The drive up into the Poconos was a challenge, a fun challenge, the perfect extended obstacle course to scare the pants off a CDL candidate. It made me realize how far I have come from those first lurching days in Green Bay.
I had spent the previous night in Scranton. Although it was almost 2 hours from my final destination in the hinterlands of Northeastern PA, it was the closest truckstop. I awoke early and headed out into the beautifully hazy morning mountains. The Poconos are technically not mountains but rather a deeply eroded plateau geologically not part of the Appalachian mountain chain. They are related to the adjacent Catskills, essentially two names for the same geological feature. Regardless of the nomenclature the back roads are hilly as hell.
After turning off US-6 the road narrowed, lifted and plummeted, careening through bucolic valleys and to the edges of glacial lakes. The last turn was onto a wide dirt road. Branches brushed the tops of the cab and then a sign “Camp Nesher →” I turned in tightly revving the engine up a steep narrow dirt road thinking of the sleeping campers and this undoubtedly unusual morning. Another driver was there already we had both arrived before the construction crew.
The camp looked classic summer camp run down buildings and a lake with all sorts of brightly colored things floating in it.

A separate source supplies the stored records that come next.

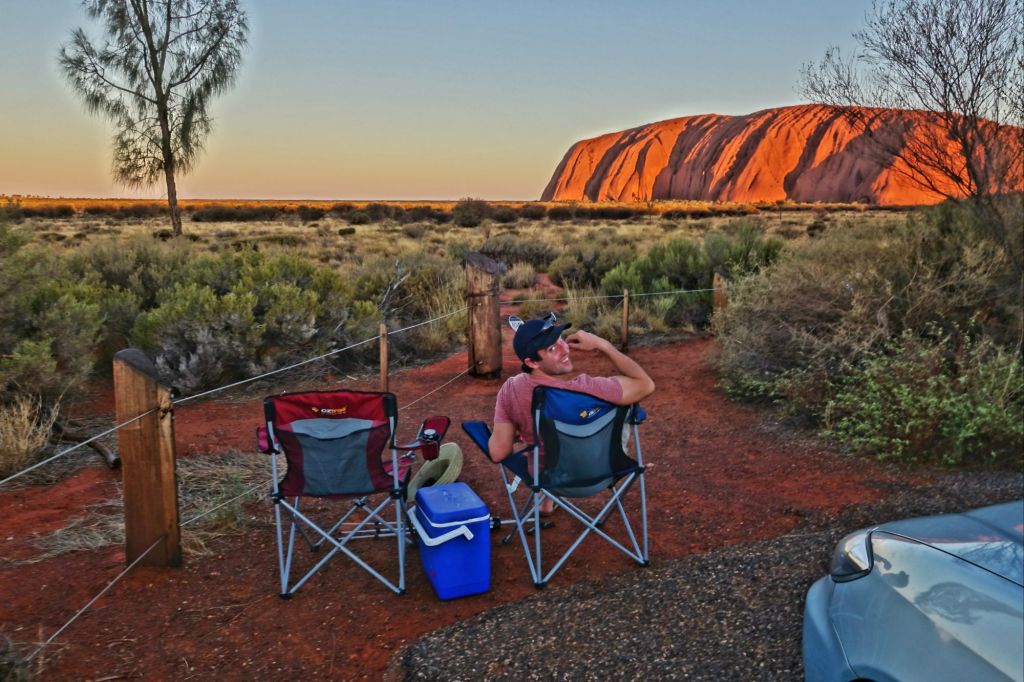 The massive sandstone monolith Uluru, which is also known as Ayers Rock, appears to be different colours at different times of the day – we went to walk around it in the daylight (the heat was brutal) and later in the evening pulled out our camping chairs, coolbox and watched the sunset from one of the viewing area where you can park your car – we got there in good time to make sure we got a good spot.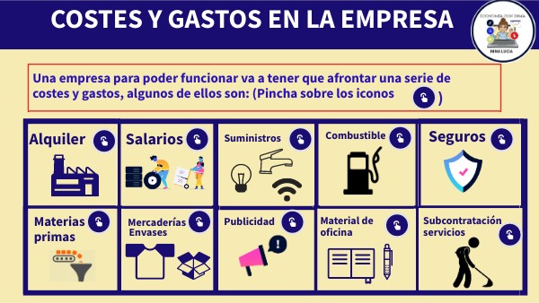 Una empresa para poder funcionar va a tener que afrontar una serie de costes y gastos, algunos de ellos son: (Pincha sobre los iconos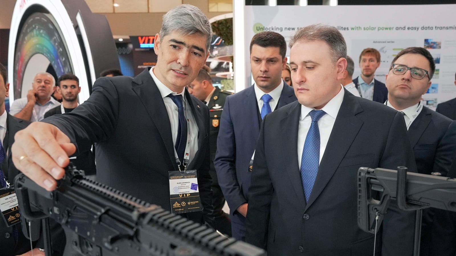 Президент «Калашникова» Алан Лушников показал лучшие образцы вооружений министру оборонной промышленности Азербайджана Вугару Валеху оглы Мустафаеву. В их числе были ручной пулемет с ленточным питанием РПЛ-20 калибра 5,45 мм, а также ударный дрон «КУБ-Э», беспилотник СКАТ 350 М.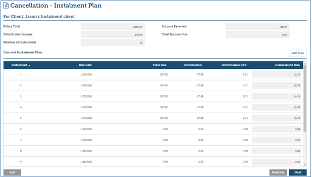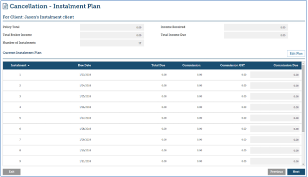 If the cancellation date was mid-term, the Instalment Plan displays the original values for the instalments prior to the cancellation date and then $0.00 instalments beyond the mid-term cancellation date. The Plan can be edited to reflect any altered Instalment Plan details and to align with the overall premium totals, based on the Cancellation details supplied by the Insurer.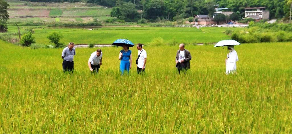 7月14日上午,四川省水稻创新团队岗位专家、我校ANBO.COM教授黄富,李德强博士一行受邀到仁寿县汪洋镇,在县农业农村局、植保植检站、镇政府等相关领导陪同下深入碧云村5组、四公社区2组对水稻田间出现的一种罕见病害进行实地考察和技术指导。

The crew soon arrived and quickly unloaded him and then me and informed us there was a way to get out by continuing strait which was a relief since turning around would require some doing. Once I was unloaded I headed out the track rounding a corner and heading down a hill where I saw a bus stuck on the curve from the road into the drive. The driver motioned frantically at me to stop as if I were a freight train. I was still a good 100 yards off and moving at 10 miles an hour.
From the road the lane took a turn up hill (the hill I was headed down) and the tow hooks on the rear of the bus had snagged on the asphalt of the road. She was fully blocking the southbound lane but traffic could squeeze by in the other lane. I tried to do what I could to help her but she was already on the phone to her company explaining the situation. “There goes my safety bonus” she grumbled as she sat on hold.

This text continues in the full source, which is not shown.